## Byte-Pair Encoding

This notebook shows how the class BPETokenization is used. We're going to go with an example step-by-step and let a notebook cell prepared to preprocess all the corpus elements.

### Ensure visibility for the class file

In [1]:
import os, sys

LIB_PATH = os.path.join(os.getcwd(), '../')
sys.path.append(LIB_PATH)

### Step-by-step example

In [2]:
from atividade_1.bpe_tokenization import BPETokenization

bpe = BPETokenization(vocab_size=1000)

The BPE algorithm relies on 3 major steps:
1. Convert a text to a byte representation, which we encode to integer IDs for convinience;
2. Count the number of adjacent pairs of bytes;
3. Given the most frequent byte pair, we merge this pair into a new token ID

We repeat this process until the vocabulary size reaches the value specified at the `vocab_size` class parameter. Jumping to code, we have the implementation as follows:

In [3]:
# The first step is to convert from a string to a list of byte ids
text = "VASCO VASCO VASCO DA GAMA"
print(f"Original Text: {text}")
byte_ids = bpe.text_to_byte_ids(text)
print(f"Byte IDs: {byte_ids}")

Original Text: VASCO VASCO VASCO DA GAMA
Byte IDs: [86, 65, 83, 67, 79, 32, 86, 65, 83, 67, 79, 32, 86, 65, 83, 67, 79, 32, 68, 65, 32, 71, 65, 77, 65]


In [4]:
# Then we count the byte adjacent pairs
pair_counts = bpe.get_pair_counts(byte_ids)
print(f"Pair Counts: {pair_counts}")

Pair Counts: {(86, 65): 3, (65, 83): 3, (83, 67): 3, (67, 79): 3, (79, 32): 3, (32, 86): 2, (32, 68): 1, (68, 65): 1, (65, 32): 1, (32, 71): 1, (71, 65): 1, (65, 77): 1, (77, 65): 1}


In [5]:
# Next, we find the most frequent pair
most_freq = bpe.find_most_frequent_pair(pair_counts)
print(f"Most frequent pair: {most_freq}")

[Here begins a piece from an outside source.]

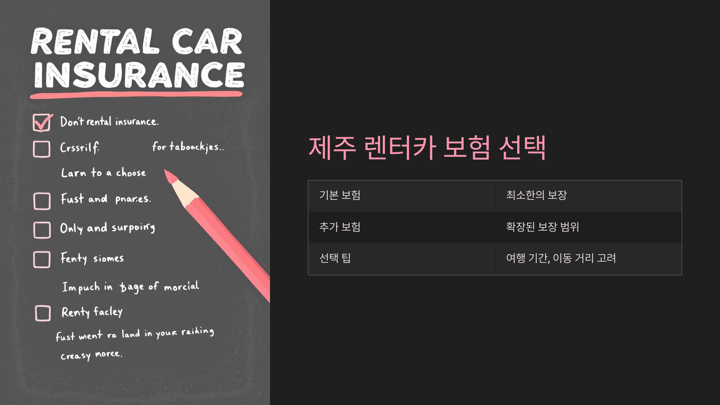 - 비싼 차종을 렌트할 경우, 자차 손해 면책 보험에 가입하는 것이 안전합니다.

Most frequent pair: (86, 65)


In [6]:
# Lastly, we merge this frequent pair into a new token id, and
token_ids = bpe.merge_pair(byte_ids, most_freq, max(byte_ids)+1)
print(f"Token IDs after the first merge: {token_ids}")

Token IDs after the first merge: [87, 83, 67, 79, 32, 87, 83, 67, 79, 32, 87, 83, 67, 79, 32, 68, 65, 32, 71, 65, 77, 65]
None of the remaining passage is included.